The Jack Welch Management Institute (JWMI) at Strayer University is a for-profit online educational institution based in the United States, owned by Strategic Education, Inc. It was founded in 2009 by Jack Welch, former CEO of General Electric and his wife, Suzy Welch, author and public speaker. JWMI offers an online executive Master of Business Administration degree, graduate certificates, and executive certificates for working adults. The company is headquartered outside of Washington D.C. at Strayer University's corporate office - 2303 Dulles Station Blvd, Herndon, VA 20171.

History
The Jack Welch Management Institute was developed in 2009 in partnership with Chancellor University. The partnership was made possible due to the relationship between Jack Welch and entrepreneur Michael Clifford. Welch initially invested $2 million to purchase a 12% share of the company running the university, Chancellor University Systems. In turn, Chancellor named the MBA program The Jack Welch Management Institute. 

Welch wanted to create a high-quality MBA program that will integrate his philosophy of leadership and human resources into a 12-course program.
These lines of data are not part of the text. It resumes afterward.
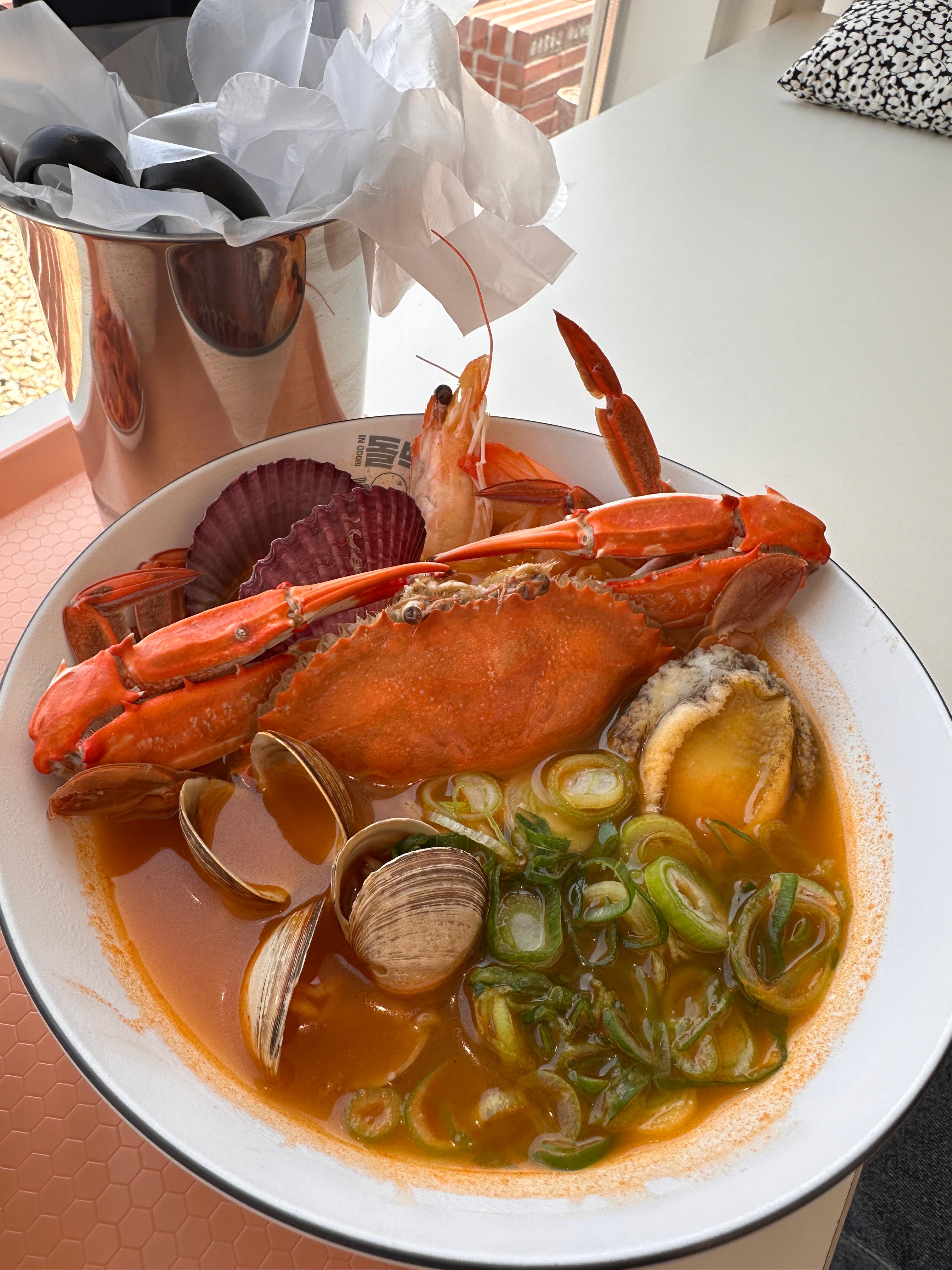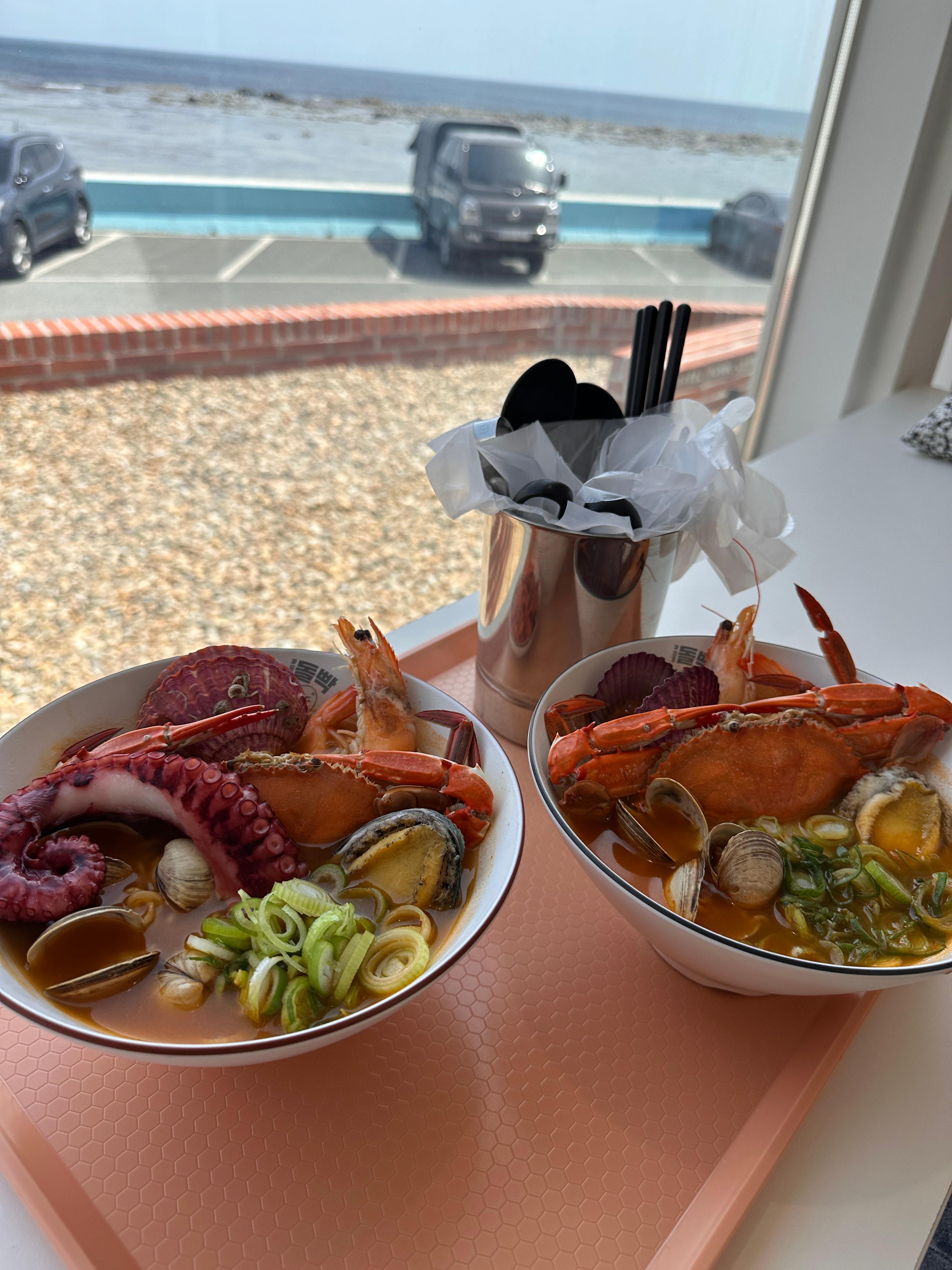 해물 자체의 신선도, 국물의 진한 맛, 그리고 바다 전망까지 삼박자가 완벽하게 어우러진 곳이었어요. 솔직히 이 가격에 이 구성, 이 위치면 가성비도 훌륭하다고 생각해요. 라면이라기보단 작은 해물탕에 면을 넣은 느낌이랄까요?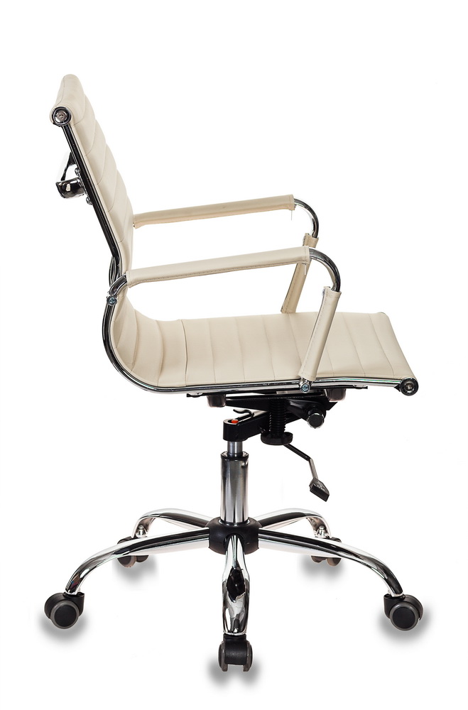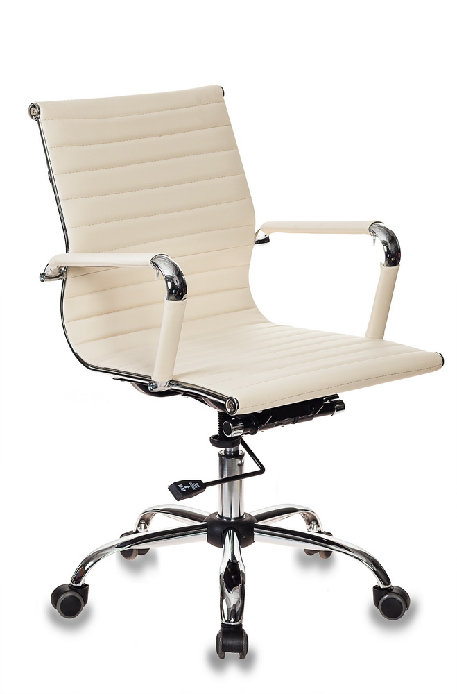 Кресло руководителя Бюрократ CH-883-LOW слоновая кость эко.кожа низк.спин. крестов. металл хром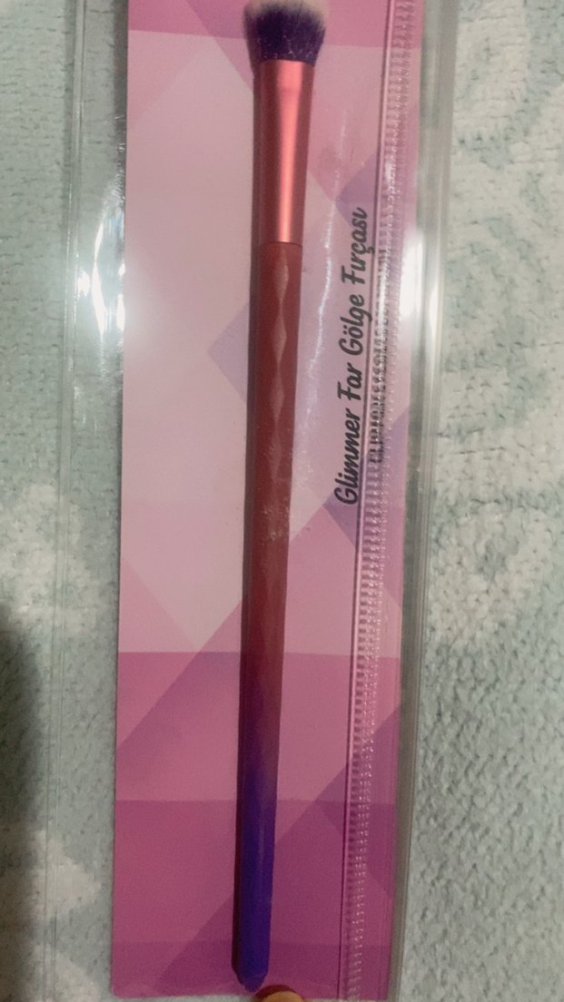 Pastel pembe tonlarında, yumuşak kıllı ve degrade saplı makyaj fırçası, göz farı uygulamak için kullanılır.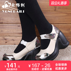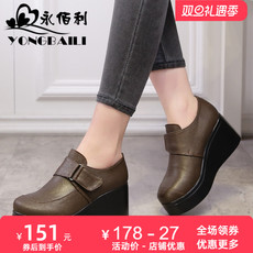 877春秋新款坡跟厚底休闲百搭单鞋妈妈皮鞋松糕软底圆头一字扣鞋
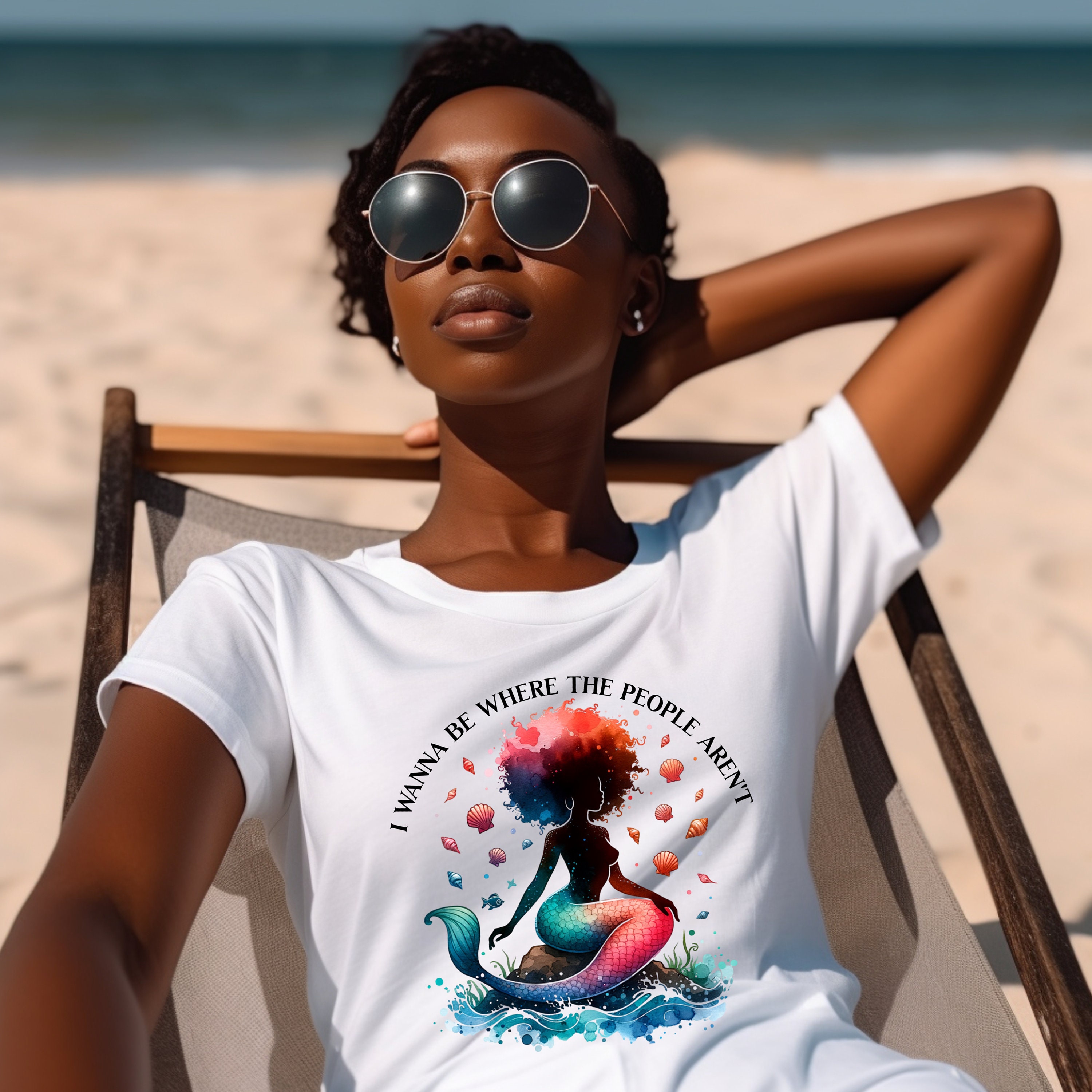 Indulge your inner introvert with our "I Wanna Be Where The People Aren't" Mermaid T-shirt, a perfect blend of humor and sarcasm. This tee is not just apparel; it's a statement piece for those who appreciate witty charm. The design captures the essence of seeking solitude in a playful and relatable way. This classic unisex jersey short sleeve tee fits like a well-loved favorite. Soft cotton and quality print make users fall in love with it over and over again. These t-shirts have-ribbed knit collars to bolster shaping. The shoulders are tapered for a better fit over time. Dual side seams hold the garment's shape for longer. .: Made with 100% Airlume combed and ring-spun cotton, a lightweight fabric (4.2 oz/yd² (142 g/m²)) that is easy to layer, breathable. Perfect for active and leisure wear. .: The retail fit that is perfect for casual and semi-formal settings. The crew neckline adds a classic, neat style that's perfect for accessorizing. .: Bella+Canvas manufactures all its products in the US and internationally in humane, no-sweat-shop, sustainable way and is part of the Fair Labor Association as well as Platinum WRAP certified. .: The tear-away label minimizes skin irritations. .: Fabric blends: Ash and Heather Prism colors - 99% Airlume combed and ring-spun cotton, 1% polyester; Heather and Solid Blend colors - 52% cotton, 48% polyester; Athletic Heather and Black Heather - 90% cotton, 10% polyester.

Welch infused his principles of candor, differentiation, voice and dignity, people-driven management, and authentic leadership into the curriculum.  

The institute launched in June 2009, and classes began in January 2010.

Acquisition by Strayer Education, Inc

In April 2011, Welch approached Robert Silberman, CEO and Chairman of Strayer Education, Inc., to discuss moving the institute to Strayer University.  Welch paid nearly $2 million to buy back his namesake and stated that "Chancellor wasn’t a good vehicle." Strayer Education, Inc purchased the Jack Welch Management Institute from Chancellor University in December 2011 for $7 million. Welch invested $2.8 million to Strayer Education as a representation of his economic interest in the program.

Academic programs

The institute offers an accredited Master of Business Administration, graduate certificates, and executive certificates covering various business-related topics through online classes. The online MBA can be completed in 18-months. The graduate certificates can be completed in 9 months and the executive certificates are 6-week programs. 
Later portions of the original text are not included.